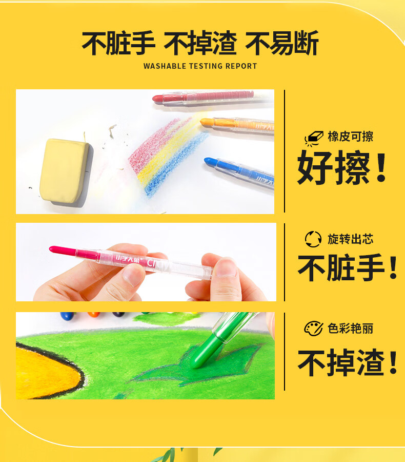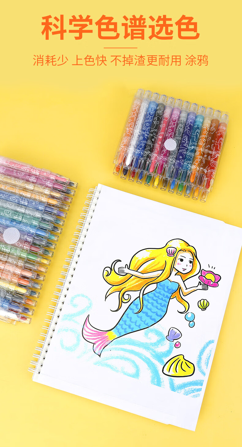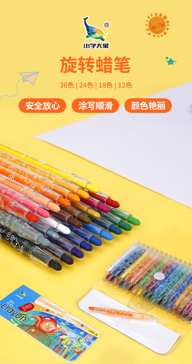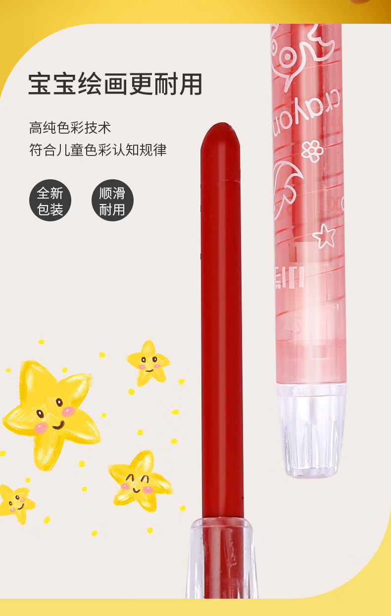 乐普升儿童旋转蜡笔不脏手小学生开学用品美术丝滑油画棒12色旋彩棒 L3007美育工具
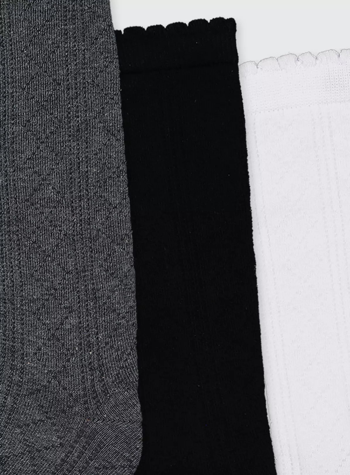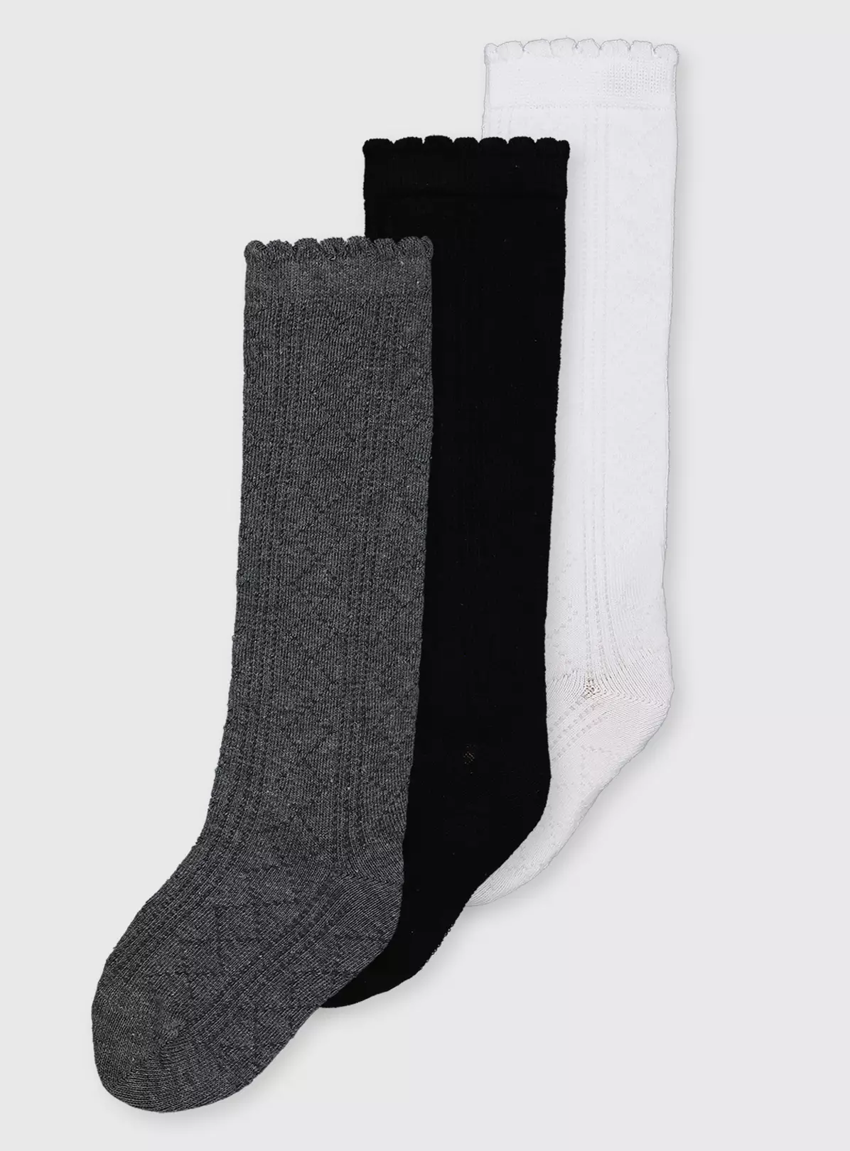 Boost their everyday essentials with these cotton-rich socks, crafted with Bi-ome antibacterial finish. Each pair is crafted in a knee high diamond pointelle design with a scalloped ankle finish.
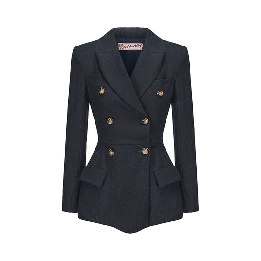 Le Palais Vintage Elegant Navy Blue Drape Suit Collar Long Sleeve Long Coat-KIATE.
* * *
Task statement –
Pictures are to be omitted. Output verbatim only the lines from the one holding "Boost their everyday" through the end of the material, both included.

Solution –
 Boost their everyday essentials with these cotton-rich socks, crafted with Bi-ome antibacterial finish. Each pair is crafted in a knee high diamond pointelle design with a scalloped ankle finish.
 Le Palais Vintage Elegant Navy Blue Drape Suit Collar Long Sleeve Long Coat-KIATE.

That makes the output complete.